Sentinel lymph node mapping in patients with breast cancer using a photoacoustic/ultrasound dual-modality imaging system with carbon nanoparticles as the contrast agent: a pilot study

前哨淋巴结 医学 乳腺癌 淋巴 放射科 腋窝淋巴结 淋巴结 淋巴系统 活检 超声波 离体 生物医学工程 体内 医学物理学 癌症 病理 内科学 生物技术 生物
作者
Liujie Gu,Handi Deng,Yizhou Bai,Jianpan Gao,Xuewei Wang,Yue Tong,Bin Luo,Cheng Ma
出处
期刊:Biomedical Optics Express [The Optical Society]
卷期号:14 (3): 1003-1003 被引量:5
标识
DOI:10.1364/boe.482126
摘要

Assessing the metastatic status of axillary lymph nodes is a common clinical practice in the staging of early breast cancers. Yet sentinel lymph nodes (SLNs) are the regional lymph nodes believed to be the first stop along the lymphatic drainage path of the metastasizing cancer cells. Compared to axillary lymph node dissection, sentinel lymph node biopsy (SLNB) helps reduce morbidity and side effects. Current SLNB methods, however, still have suboptimum properties, such as restrictions due to nuclide accessibility and a relatively low therapeutic efficacy when only a single contrast agent is used.
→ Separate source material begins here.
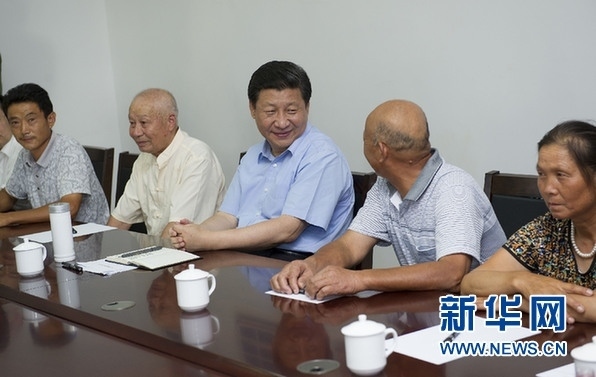 ▲2013年7月21日至23日,中共中央總書記、國家主席、中央軍委主席習近平在湖北調研全面深化改革問題和當前經(jīng)濟運行情況。 22日下午,習近平來到鄂州市長港鎮(zhèn)峒山村,了解城鄉(xiāng)一體化建設情況,同部分村民座談。

To overcome these limitations, researchers have been motivated to develop a non-radioactive SLN mapping method to replace or supplement radionuclide mapping. We proposed and demonstrated a clinical procedure using a dual-modality photoacoustic (PA)/ultrasound (US) imaging system to locate the SLNs to offer surgical guidance. In our work, the high contrast of PA imaging and its specificity to SLNs were based on the accumulation of carbon nanoparticles (CNPs) in the SLNs. A machine-learning model was also trained and validated to distinguish stained SLNs based on single-wavelength PA images. In the pilot study, we imaged 11 patients in vivo, and the specimens from 13 patients were studied ex vivo. PA/US imaging identified stained SLNs in vivo without a single false positive (23 SLNs), yielding 100% specificity and 52.6% sensitivity based on the current PA imaging system. Our machine-learning model can automatically detect SLNs in real time. In the new procedure, single-wavelength PA/US imaging uses CNPs as the contrast agent. The new system can, with that contrast agent, noninvasively image SLNs with high specificity in real time based on the unique features of the SLNs in the PA images. Ultimately, we aim to use our systems and approach to substitute or supplement nuclide tracers for a non-radioactive, less invasive SLN mapping method in SLNB for the axillary staging of breast cancer.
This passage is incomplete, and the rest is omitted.